BLACKSBURG -- This was a daylong celebration, from the moment students began lining up for the "College GameDay" zaniness until the final buzzer about 14 hours later.

This was a salute to relevance that would have been unthinkable only a few years ago.

A day that began with an impressive display of program support ended exactly the way it should have, with the fans streaming onto the court to celebrate Virginia Tech's 64-60 win over top-ranked Duke.

It ended with Jeff Allen -- quiet ol' Jeff Allen, the guy who actually declined to answer one of the Newlywed Game-style questions earlier in the day -- roaring toward the rafters at the center of the mayhem.

Good thing today is Sunday.
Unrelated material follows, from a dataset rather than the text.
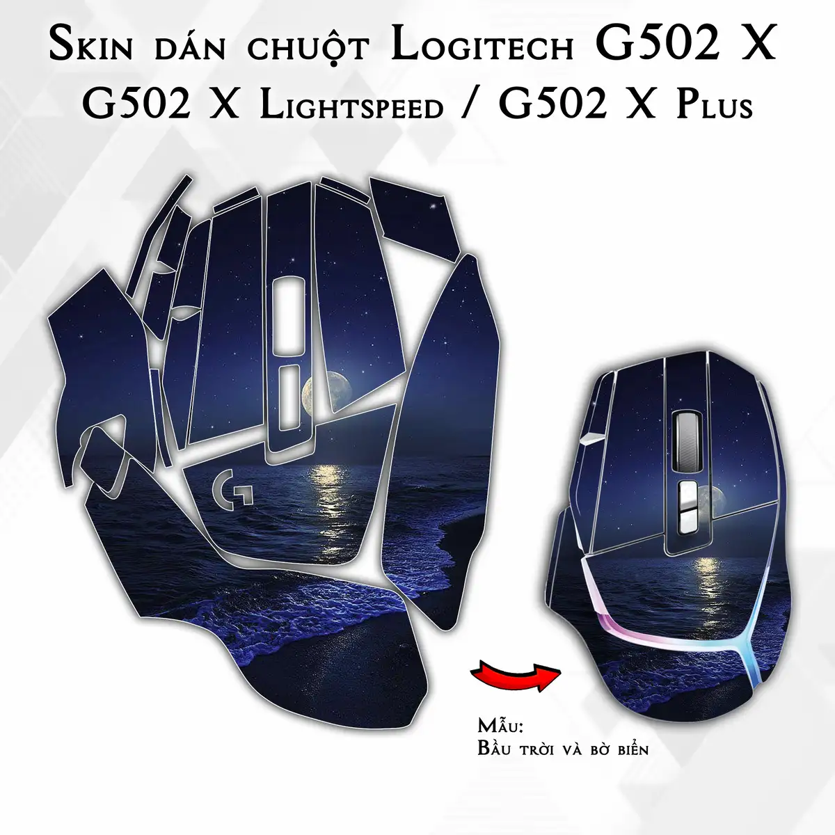 Skin dán chuột Logitech G502 X mẫu Bầu trời và bờ biển

A lot of people around here will be popping Tylenol as they recover from the kind of hoops party we haven't seen in years.

The Cassell Coliseum scoreboard pretty much summed this one up. Under the "64" for the Hokies, there were the scoring totals for the five starters -- 18 (Allen), 12 (Terrell Bell), 12 (Erick Green), 11 (Victory Davila), 11 (Malcolm Delaney).

It was going to take them all to get this done, and they delivered. Even in a rough shooting game for Delaney, he contributed in critical moments, hitting the 3-pointer with 2 minutes to go that put the Hokies up 5, then snagging a rebound on the other end on Duke's next possession.

This was an upset, but not an unthinkable one. Just before tipoff, as the "Enter Sandman" riff rocked this place, coach Seth Greenberg paced in front of his bouncing players, like a man who knows something nobody else does.

What he knows is that the Hokies haven't missed the NCAA tournament in recent years because they stink in games like this. They've missed because of the Miamis and N.C. States and Boston Colleges.

Duke? They show up for Duke. They don't always beat Duke, but they show up for Duke.

ESPN "GameDay" analysts Bob Knight and Jay Bilas both picked Duke during the morning show, which makes sense. But they both cited "too much experience" as the main factor, which makes a lot less sense.

Duke started two seniors and three sophomores. The Hokies? Three seniors, a junior and a sophomore -- the same lineup components that carried them to their most recent NCAA tournament appearance in 2007.

What set that '07 team apart was games just like this, contests with a lot of eyeballs on them and plenty of inherent pressure. And, oh, how this group yearned for its own moment like that.

Two sequences made this upset possible. The first was Tech's 9-4 run to start the game. It was a minor spurt, sure, but it had to happen to keep this sellout crowd believing.

The second came midway in the second half, when Duke had seized the momentum and taken a 51-45 lead. On back-to-back possessions, Kyle Singler had wide-open 3s. He missed them both.

Perhaps there was a chance.

Davila's contributions can't be understated. It was is follow-up dunk that brought the Hokies within 55-52 and set up Bell's tying bomb. And it was Davila who stood his ground and forced Singler to lose the ball in the paint a few possessions later. Allen responded with a layup to put Tech up four and turn this place into bedlam.

Ultimately, this night was for those people piling out of the stands. In the morning, they made signs. In the evening, they made noise.

And in the end, their team made them proud.